Data to process:
_ _ _ _ _ _ _

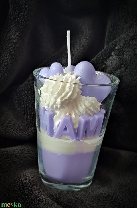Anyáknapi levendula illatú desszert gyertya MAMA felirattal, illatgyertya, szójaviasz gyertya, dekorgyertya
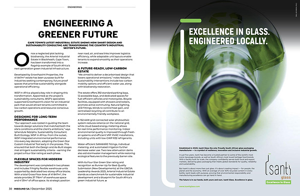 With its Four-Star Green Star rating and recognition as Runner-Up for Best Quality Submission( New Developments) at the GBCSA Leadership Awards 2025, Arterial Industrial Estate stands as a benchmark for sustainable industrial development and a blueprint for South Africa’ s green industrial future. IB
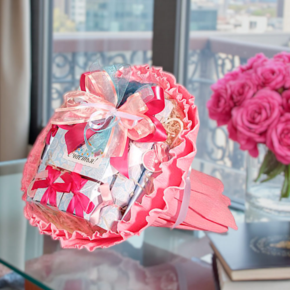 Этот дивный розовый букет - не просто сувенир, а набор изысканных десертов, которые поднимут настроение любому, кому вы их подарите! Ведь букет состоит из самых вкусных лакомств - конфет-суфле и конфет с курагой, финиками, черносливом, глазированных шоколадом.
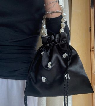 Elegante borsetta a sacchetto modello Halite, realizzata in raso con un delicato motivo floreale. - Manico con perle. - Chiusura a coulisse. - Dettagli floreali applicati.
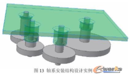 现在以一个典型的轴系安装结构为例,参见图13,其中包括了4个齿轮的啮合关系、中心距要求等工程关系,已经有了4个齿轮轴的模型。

_ _ _ _ _ _ _

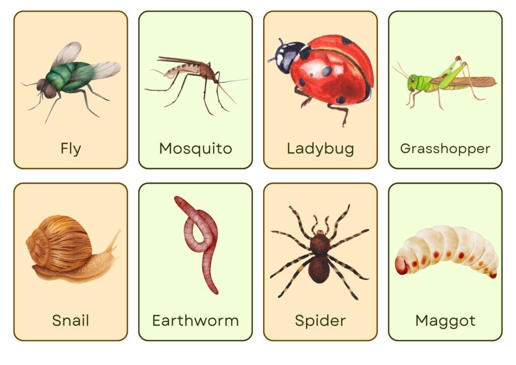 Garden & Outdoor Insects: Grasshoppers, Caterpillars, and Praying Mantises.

_ _ _ _ _ _ _

Task item: Pictures excluded, give again exactly and only the lines of the material above from the line with "With its Four-Star" through the line with "现在以一个典型的轴系安装结构".

Result of this exercise:
 With its Four-Star Green Star rating and recognition as Runner-Up for Best Quality Submission( New Developments) at the GBCSA Leadership Awards 2025, Arterial Industrial Estate stands as a benchmark for sustainable industrial development and a blueprint for South Africa’ s green industrial future. IB
 Этот дивный розовый букет - не просто сувенир, а набор изысканных десертов, которые поднимут настроение любому, кому вы их подарите! Ведь букет состоит из самых вкусных лакомств - конфет-суфле и конфет с курагой, финиками, черносливом, глазированных шоколадом.
 Elegante borsetta a sacchetto modello Halite, realizzata in raso con un delicato motivo floreale. - Manico con perle. - Chiusura a coulisse. - Dettagli floreali applicati.
 现在以一个典型的轴系安装结构为例,参见图13,其中包括了4个齿轮的啮合关系、中心距要求等工程关系,已经有了4个齿轮轴的模型。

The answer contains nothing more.